> **Prompt**:
Copy only what lies from the line containing "Cartoon illustration of" through the line containing "Interesting Old Elm" in the entries below, keeping both end lines exact and dropping every picture.

> **Data records**:
↓

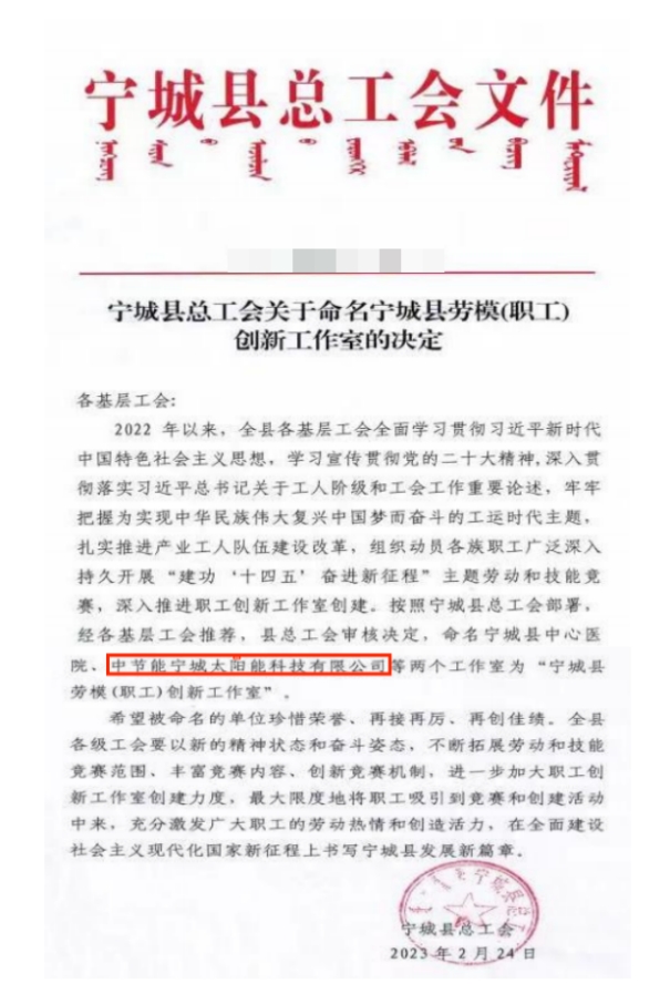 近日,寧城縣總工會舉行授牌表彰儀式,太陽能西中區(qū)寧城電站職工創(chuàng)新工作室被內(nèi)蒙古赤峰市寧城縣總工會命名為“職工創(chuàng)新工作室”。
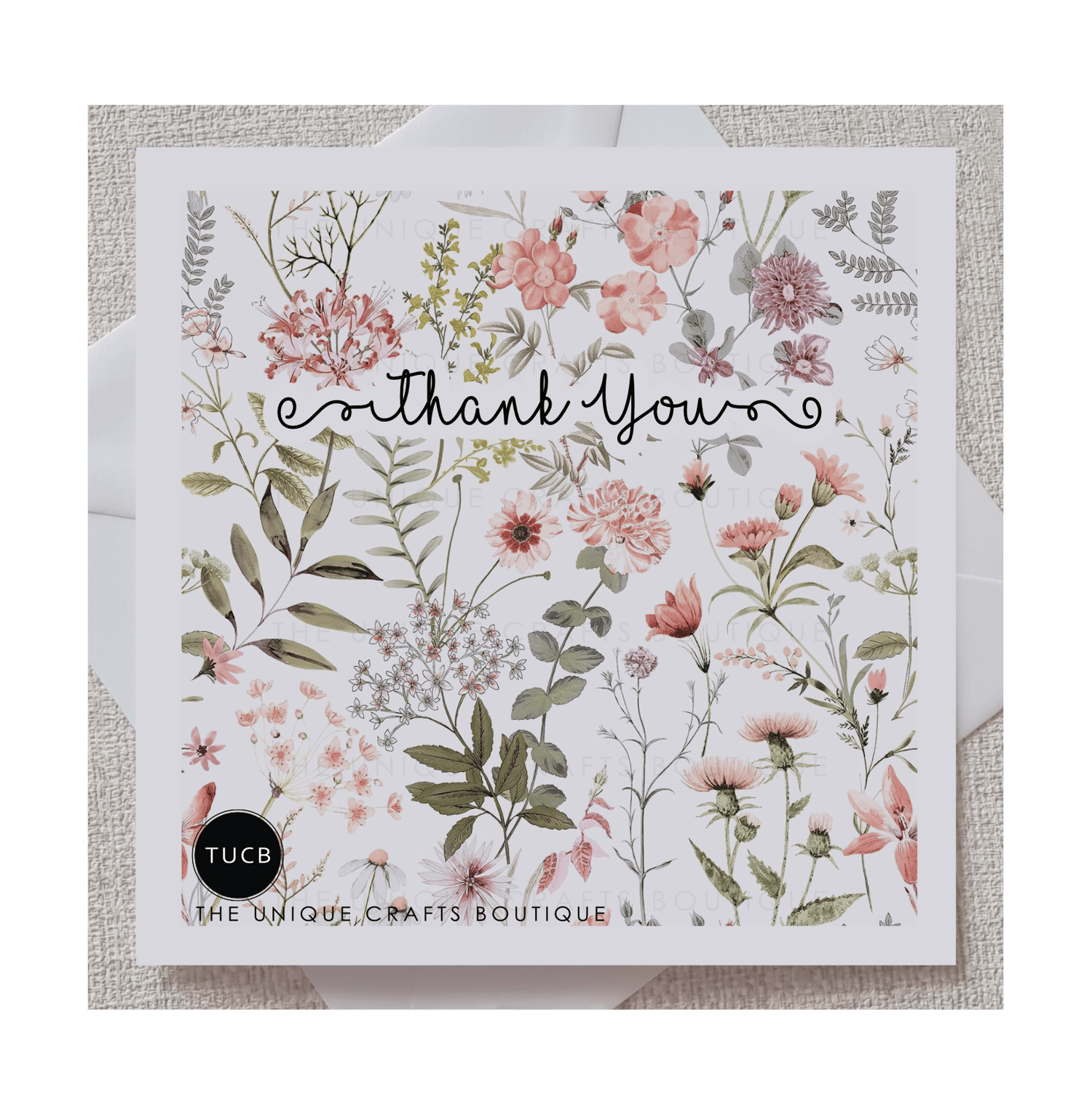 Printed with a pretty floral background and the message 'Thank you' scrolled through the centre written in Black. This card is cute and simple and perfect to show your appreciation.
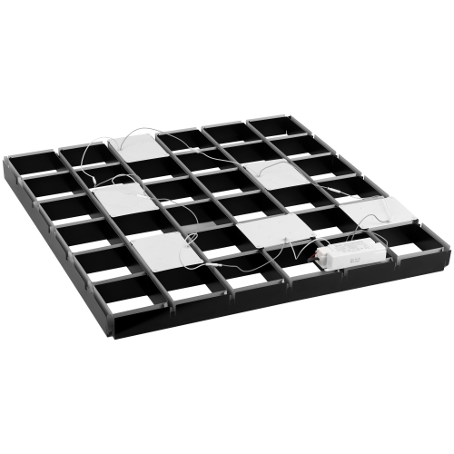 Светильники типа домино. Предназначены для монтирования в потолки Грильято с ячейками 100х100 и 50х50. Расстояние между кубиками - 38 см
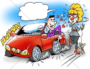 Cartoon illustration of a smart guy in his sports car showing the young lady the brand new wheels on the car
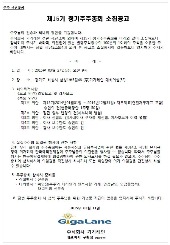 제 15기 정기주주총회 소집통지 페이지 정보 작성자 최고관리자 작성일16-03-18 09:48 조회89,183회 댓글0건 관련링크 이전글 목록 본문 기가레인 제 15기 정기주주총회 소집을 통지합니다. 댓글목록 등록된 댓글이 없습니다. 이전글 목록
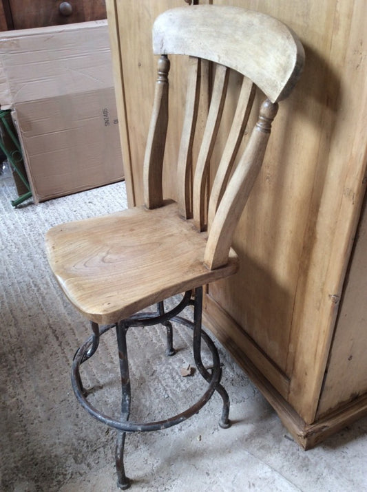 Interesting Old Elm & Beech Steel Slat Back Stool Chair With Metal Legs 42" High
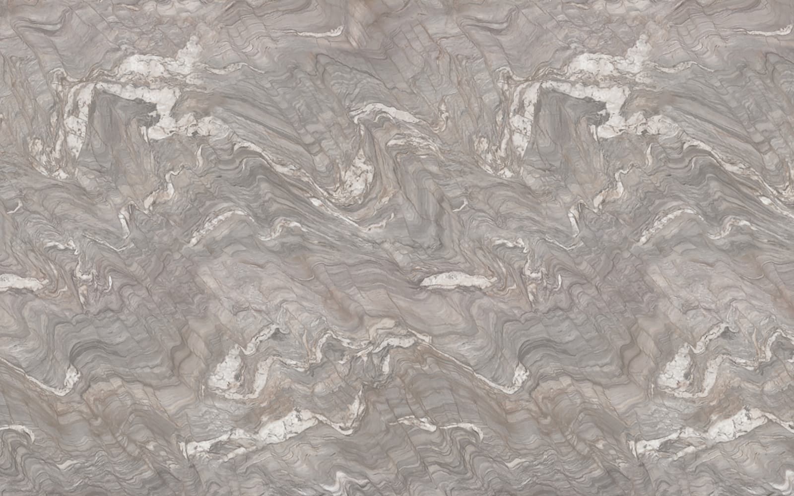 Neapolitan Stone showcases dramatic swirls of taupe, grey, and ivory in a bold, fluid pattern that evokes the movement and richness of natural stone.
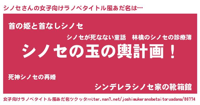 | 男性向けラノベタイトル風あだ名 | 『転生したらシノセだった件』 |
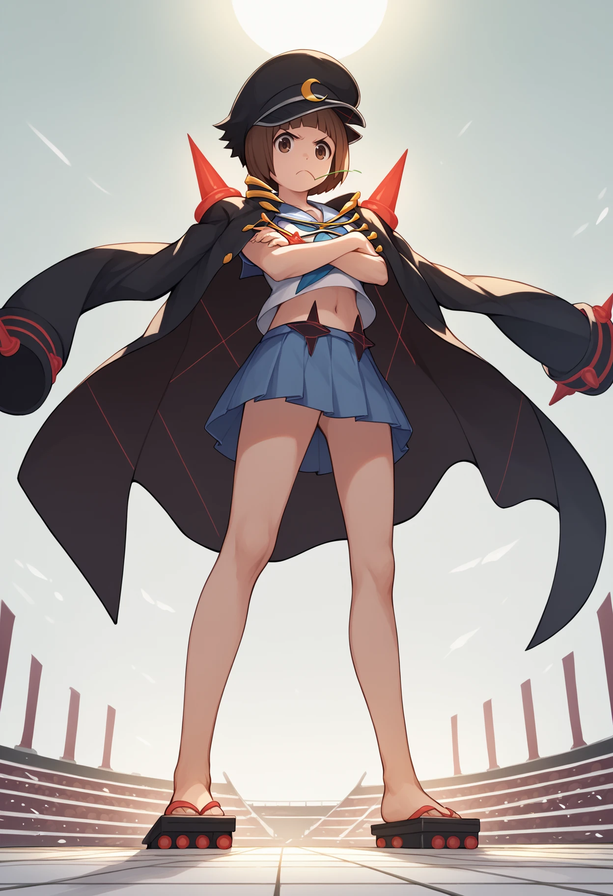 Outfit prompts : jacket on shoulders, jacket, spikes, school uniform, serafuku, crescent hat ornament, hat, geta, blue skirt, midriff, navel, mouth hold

↑

> **Written reply**:
 Cartoon illustration of a smart guy in his sports car showing the young lady the brand new wheels on the car
 제 15기 정기주주총회 소집통지 페이지 정보 작성자 최고관리자 작성일16-03-18 09:48 조회89,183회 댓글0건 관련링크 이전글 목록 본문 기가레인 제 15기 정기주주총회 소집을 통지합니다. 댓글목록 등록된 댓글이 없습니다. 이전글 목록
 Interesting Old Elm & Beech Steel Slat Back Stool Chair With Metal Legs 42" High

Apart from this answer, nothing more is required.